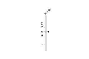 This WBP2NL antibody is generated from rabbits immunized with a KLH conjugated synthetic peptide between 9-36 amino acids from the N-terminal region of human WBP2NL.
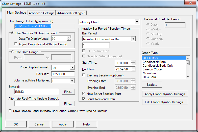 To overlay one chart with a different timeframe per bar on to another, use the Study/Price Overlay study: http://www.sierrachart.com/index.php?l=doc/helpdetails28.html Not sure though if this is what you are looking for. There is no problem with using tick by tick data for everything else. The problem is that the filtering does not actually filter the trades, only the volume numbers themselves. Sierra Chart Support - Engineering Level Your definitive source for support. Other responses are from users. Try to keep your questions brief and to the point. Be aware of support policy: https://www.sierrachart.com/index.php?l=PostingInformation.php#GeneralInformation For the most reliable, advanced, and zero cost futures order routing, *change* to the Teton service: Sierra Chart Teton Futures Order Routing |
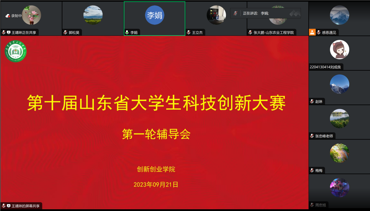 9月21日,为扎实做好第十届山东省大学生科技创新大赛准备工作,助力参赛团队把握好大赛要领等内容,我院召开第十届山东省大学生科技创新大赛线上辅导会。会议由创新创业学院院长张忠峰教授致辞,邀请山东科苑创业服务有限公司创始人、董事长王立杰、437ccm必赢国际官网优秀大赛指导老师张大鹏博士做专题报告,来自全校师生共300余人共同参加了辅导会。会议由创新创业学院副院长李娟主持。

● ● ● ● ●

**Task statement:** The expected output is the material above, repeated exactly and free of pictures.

**Output below:**
 This WBP2NL antibody is generated from rabbits immunized with a KLH conjugated synthetic peptide between 9-36 amino acids from the N-terminal region of human WBP2NL.
 To overlay one chart with a different timeframe per bar on to another, use the Study/Price Overlay study: http://www.sierrachart.com/index.php?l=doc/helpdetails28.html Not sure though if this is what you are looking for. There is no problem with using tick by tick data for everything else. The problem is that the filtering does not actually filter the trades, only the volume numbers themselves. Sierra Chart Support - Engineering Level Your definitive source for support. Other responses are from users. Try to keep your questions brief and to the point. Be aware of support policy: https://www.sierrachart.com/index.php?l=PostingInformation.php#GeneralInformation For the most reliable, advanced, and zero cost futures order routing, *change* to the Teton service: Sierra Chart Teton Futures Order Routing |
 9月21日,为扎实做好第十届山东省大学生科技创新大赛准备工作,助力参赛团队把握好大赛要领等内容,我院召开第十届山东省大学生科技创新大赛线上辅导会。会议由创新创业学院院长张忠峰教授致辞,邀请山东科苑创业服务有限公司创始人、董事长王立杰、437ccm必赢国际官网优秀大赛指导老师张大鹏博士做专题报告,来自全校师生共300余人共同参加了辅导会。会议由创新创业学院副院长李娟主持。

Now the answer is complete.